--- Source data Enclosed Below ---

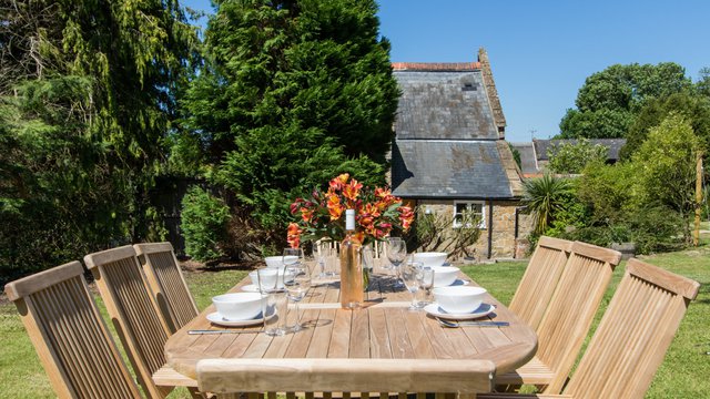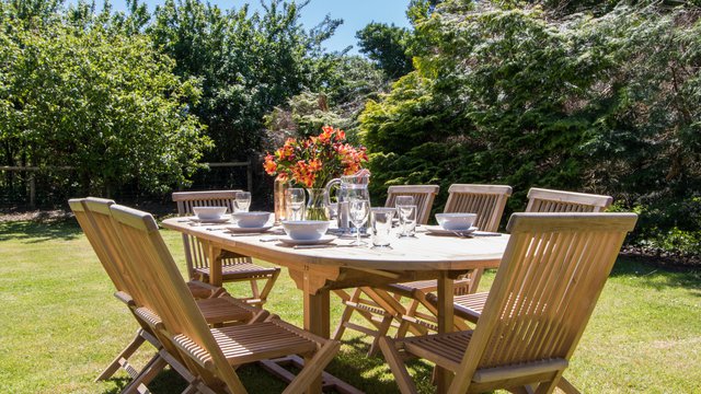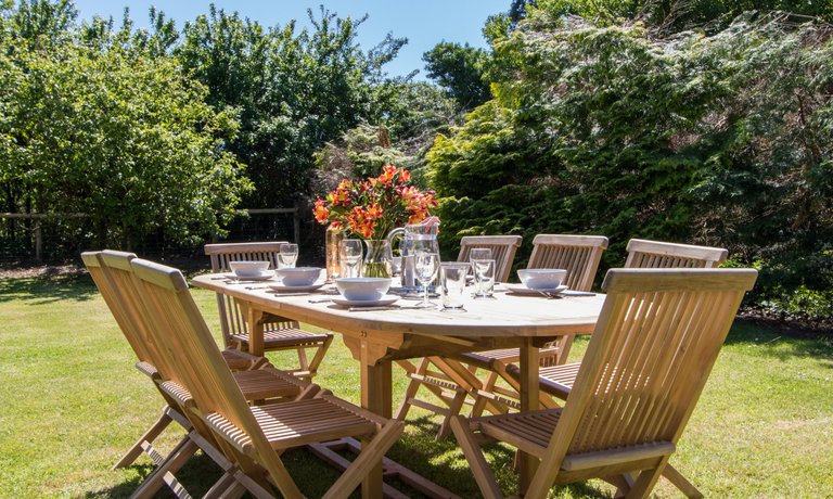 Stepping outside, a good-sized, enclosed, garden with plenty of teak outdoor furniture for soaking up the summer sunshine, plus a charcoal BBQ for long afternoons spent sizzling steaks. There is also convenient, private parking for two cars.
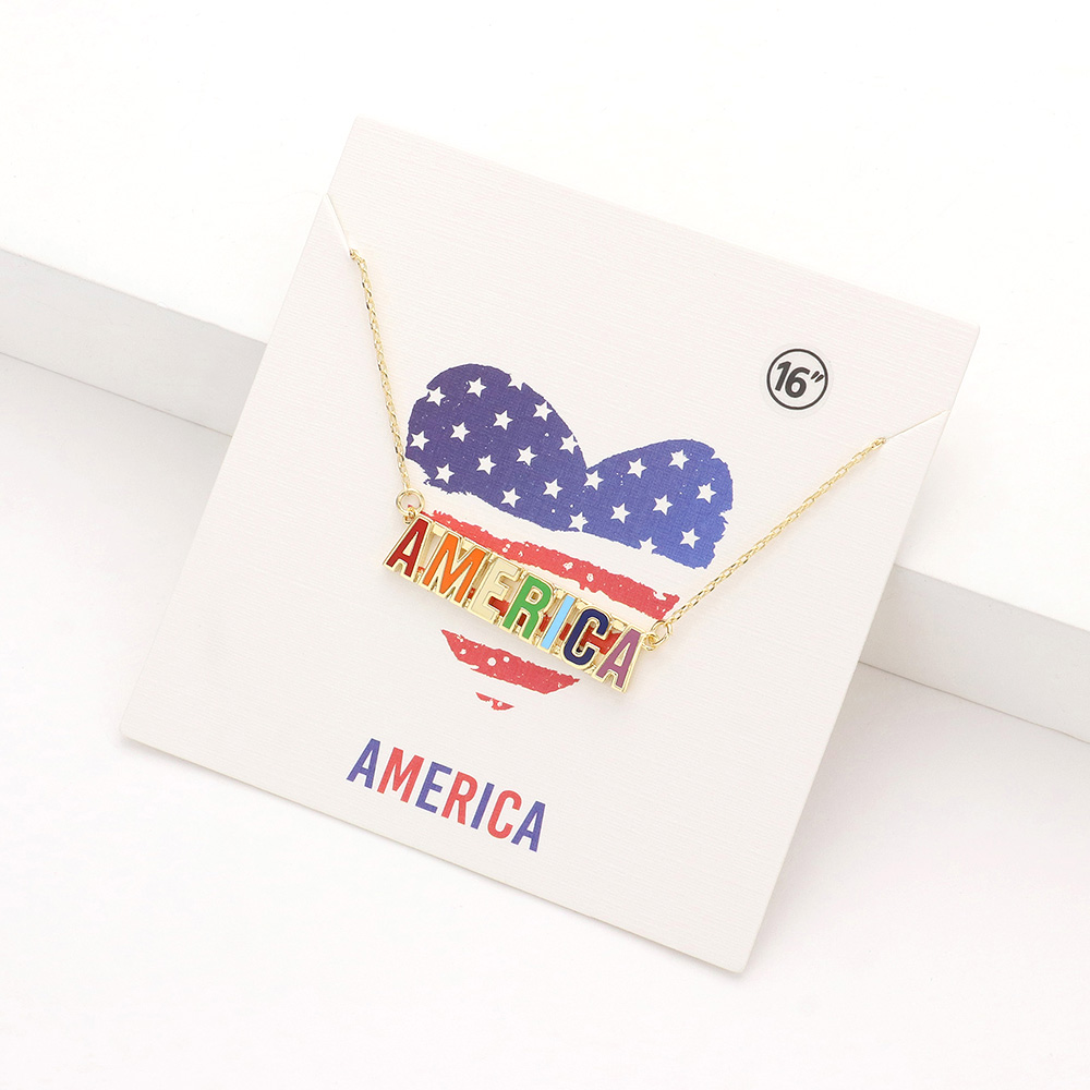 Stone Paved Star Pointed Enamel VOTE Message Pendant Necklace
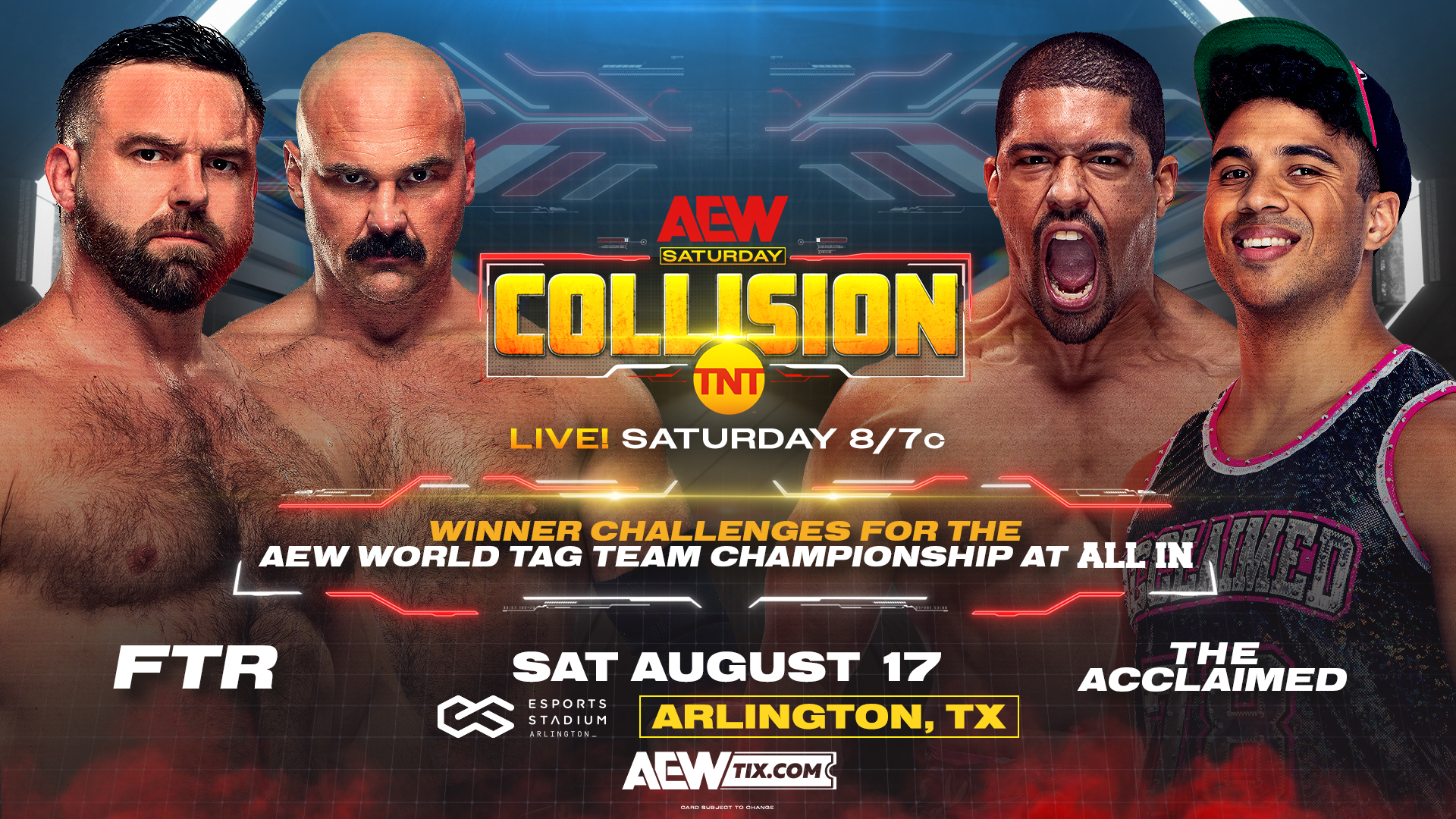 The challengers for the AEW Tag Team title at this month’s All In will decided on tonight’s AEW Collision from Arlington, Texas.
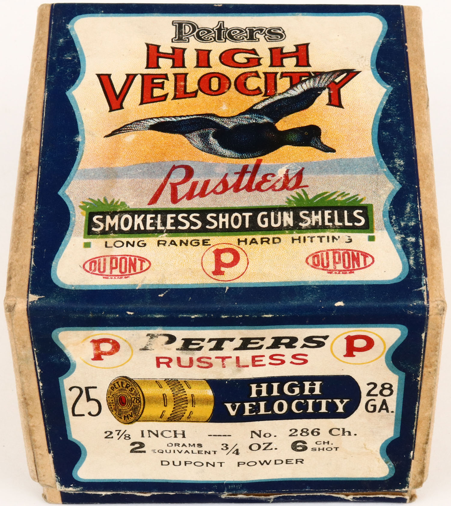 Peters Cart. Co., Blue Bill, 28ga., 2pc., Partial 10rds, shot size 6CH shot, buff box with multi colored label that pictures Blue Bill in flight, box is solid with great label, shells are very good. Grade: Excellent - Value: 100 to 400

--- End of Enclosed Source data ---

**What is being asked:** When you repeat the data, keep it exact and drop every picture.

**Problem solution:**
 Stepping outside, a good-sized, enclosed, garden with plenty of teak outdoor furniture for soaking up the summer sunshine, plus a charcoal BBQ for long afternoons spent sizzling steaks. There is also convenient, private parking for two cars.
 Stone Paved Star Pointed Enamel VOTE Message Pendant Necklace
 The challengers for the AEW Tag Team title at this month’s All In will decided on tonight’s AEW Collision from Arlington, Texas.
 Peters Cart. Co., Blue Bill, 28ga., 2pc., Partial 10rds, shot size 6CH shot, buff box with multi colored label that pictures Blue Bill in flight, box is solid with great label, shells are very good. Grade: Excellent - Value: 100 to 400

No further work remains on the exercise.